Petroleum Group transitions to Energy Group

Petroleum Group transitions to Energy Group

In a drive to better reflect the diversification of the energy mix, the Petroleum Group of the Geological Society of London is broadening its remit to become the Energy Group.

In a drive to better reflect the diversification of the energy mix, the Petroleum Group of the Geological Society of London is broadening its remit to become the Energy Group.

Expronews spoke to Caroline Gill, who chairs the committee of volunteers running the Energy Group. “There was broad consensus that we needed to respond to the direction in which Geoscience is diversifying in the energy supply landscape,” she says.

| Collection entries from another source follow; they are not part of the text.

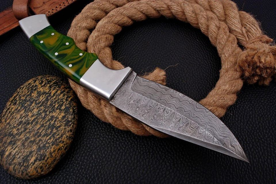 Handmade Carbon Steel Hunting Skinner Knife with Partially Serrated Edge Resin Handle Full Tang Blade Natural Leather Sheath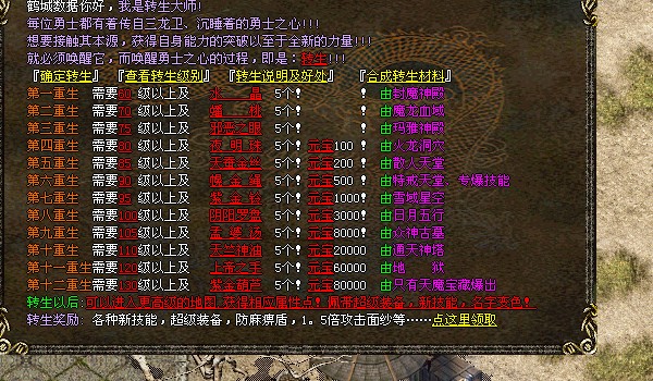 【更新】更新转生系统,1-12转,转生后每转都可以获得相应属性点,另外还设置转生奖励,4-12转可以分别领取各种技能书及超级装备,防麻痹盾牌,1。5倍力量面纱等!!具体土城转生炉处了解!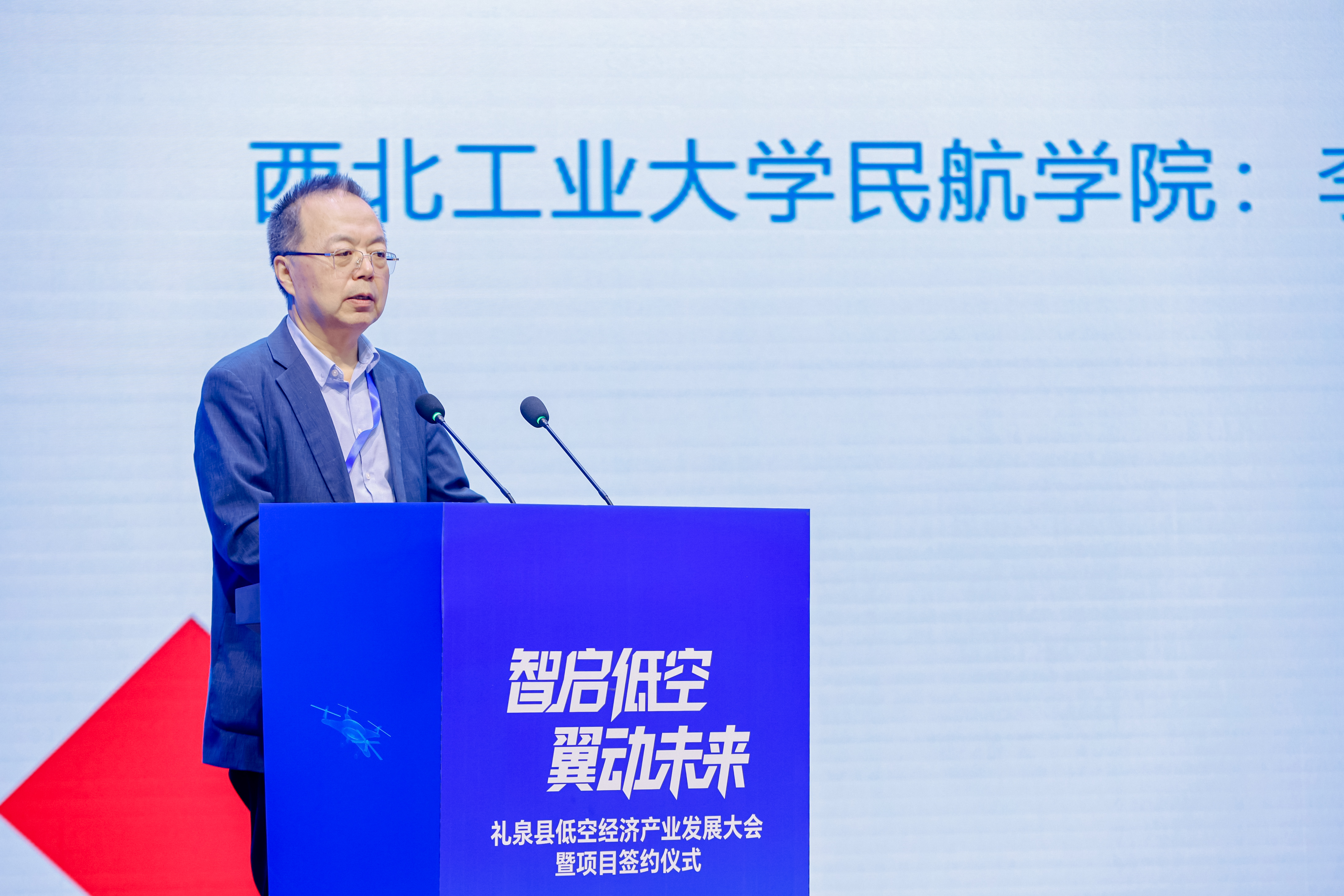 西北工业大学民航学院院长李玉龙从学科与产业融合角度,解读低空经济与无人机发展趋势。他表示,低空经济有低空制造、低空飞行、低空保障、综合服务四大领域,同时具有辐射面广、产业链条长、成长性强、带动性强等显著特点,对县域经济高质量发展具有重要意义。学院将依托在低空经济学科建设上的成果,与礼泉礼泉深度合作,为产业发展培养更多专业人才,提供更多技术支撑。

Caroline adds: “In addition, people working in industries like geothermal and carbon capture, utilisation and storage, who are geoscientists, currently do not have an affinity with any of the specialist groups in the society. We feel that with the transition to the Energy Group, we can engage more actively with geoscientists working in the full lifecycle of energy provision to society today and in the future.”

The Energy Group is actively looking for fellows and candidate fellows of the Geological Society to join the committee. Find more information how to join click here.

The Energy group is run by a committee drawing on participants from industry and academia. It was launched on the back of the North Sea oil and gas sector that grew rapidly in the 1970’s. The committee organises an Annual Dinner, makes several awards rewarding individual contributions to excellence in Energy Geoscience  and organises a wide array of technical conferences.

“Our conference agenda will also reflect the broadening of our remit,” Caroline says, “with a Carbon Capture, Utilisation and Storage event lined up for late 2021.” At the same time, the Energy Group will continue to organise conferences within the petroleum geology realm, and continue to represent geoscientists working in this still important sector.

The Energy Group is a key part of the activities of the Geological Society, with more than 2,500 Fellows being members of the Group. The Group’s events generate important revenue for the Society, thereby allowing a range of outreach activities to be organised.